→ **TASK TO CARRY OUT**
Only the lines from the line containing "GPSR members at" to the end of the material belong in the copy; set them down exactly, without pictures.

→ **DATA SECTION**
--------------------------------

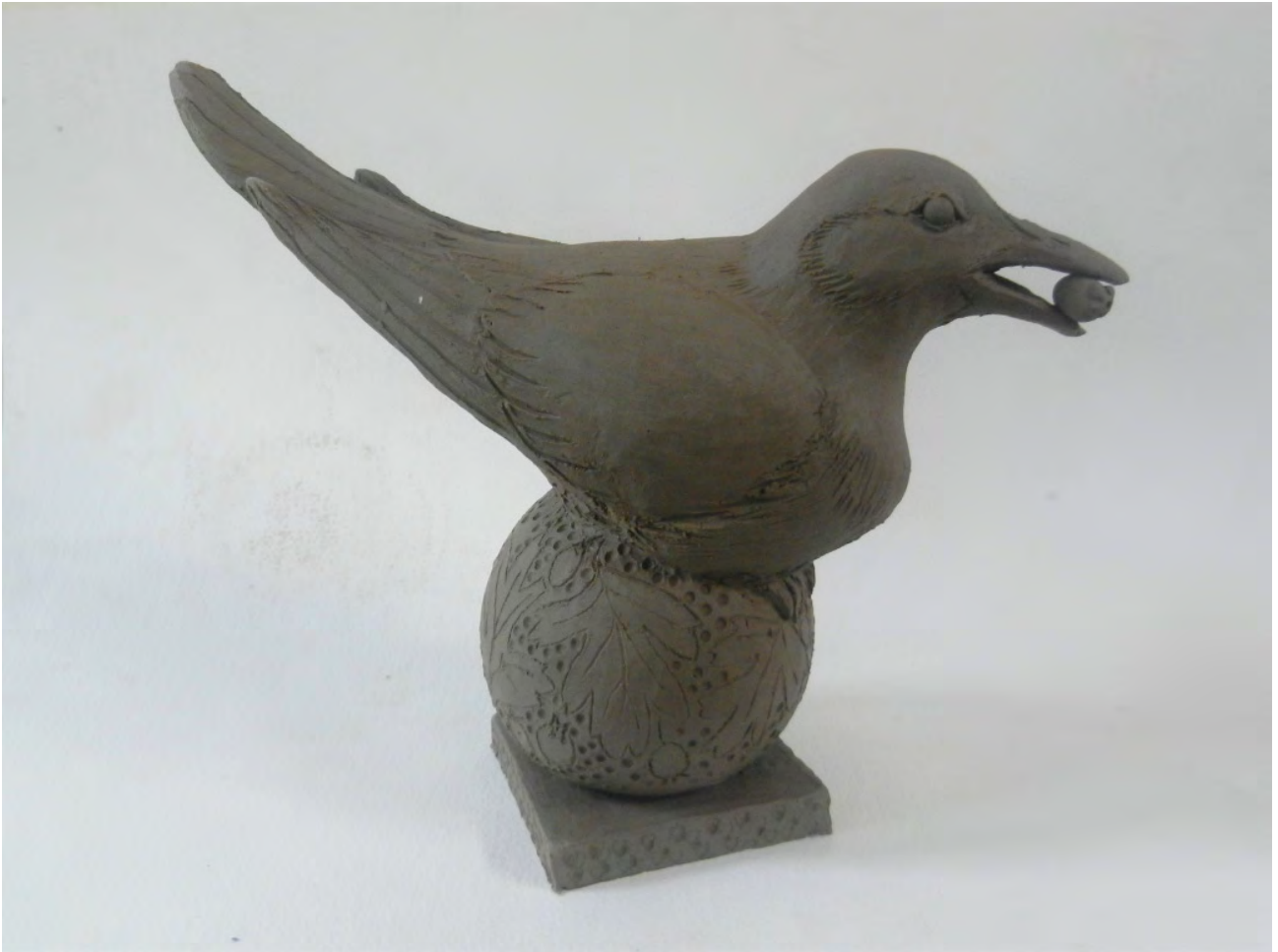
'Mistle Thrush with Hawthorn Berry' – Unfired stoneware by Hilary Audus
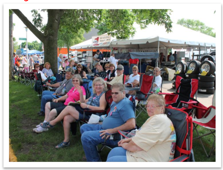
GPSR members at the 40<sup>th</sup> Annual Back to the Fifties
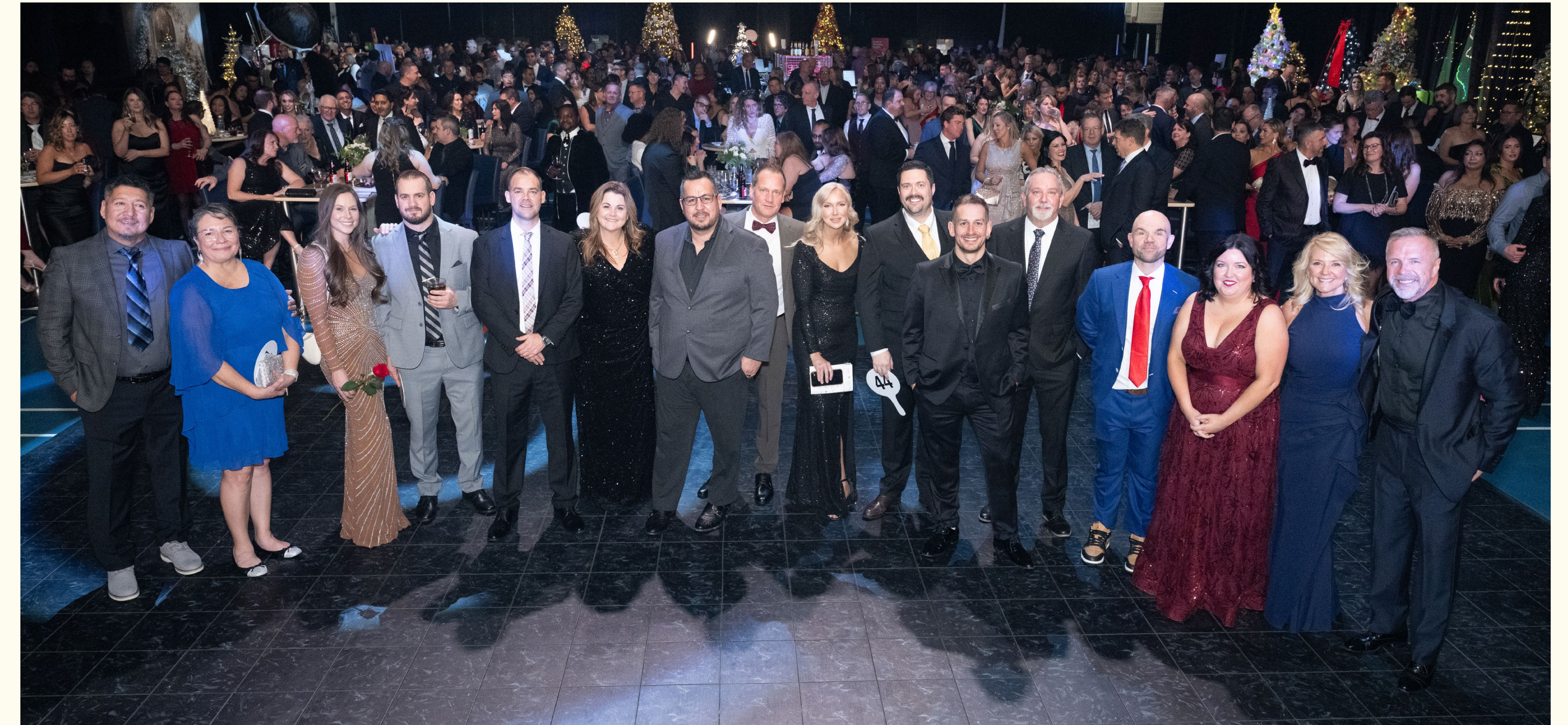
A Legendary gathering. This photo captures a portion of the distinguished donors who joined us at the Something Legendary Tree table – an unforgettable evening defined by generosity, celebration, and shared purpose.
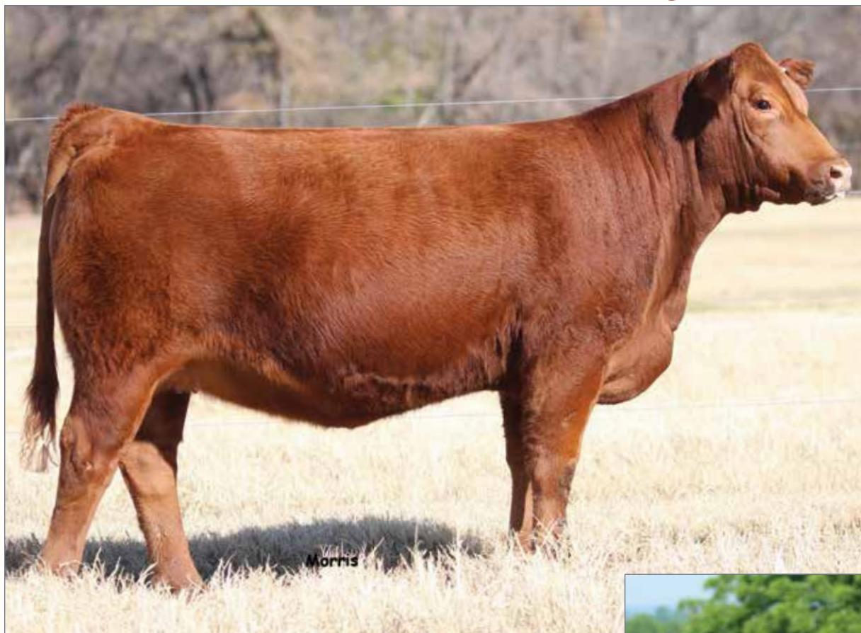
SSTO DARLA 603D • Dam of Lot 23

--------------------------------

→ **ANSWER TO THIS PROBLEM**
GPSR members at the 40<sup>th</sup> Annual Back to the Fifties
A Legendary gathering. This photo captures a portion of the distinguished donors who joined us at the Something Legendary Tree table – an unforgettable evening defined by generosity, celebration, and shared purpose.
SSTO DARLA 603D • Dam of Lot 23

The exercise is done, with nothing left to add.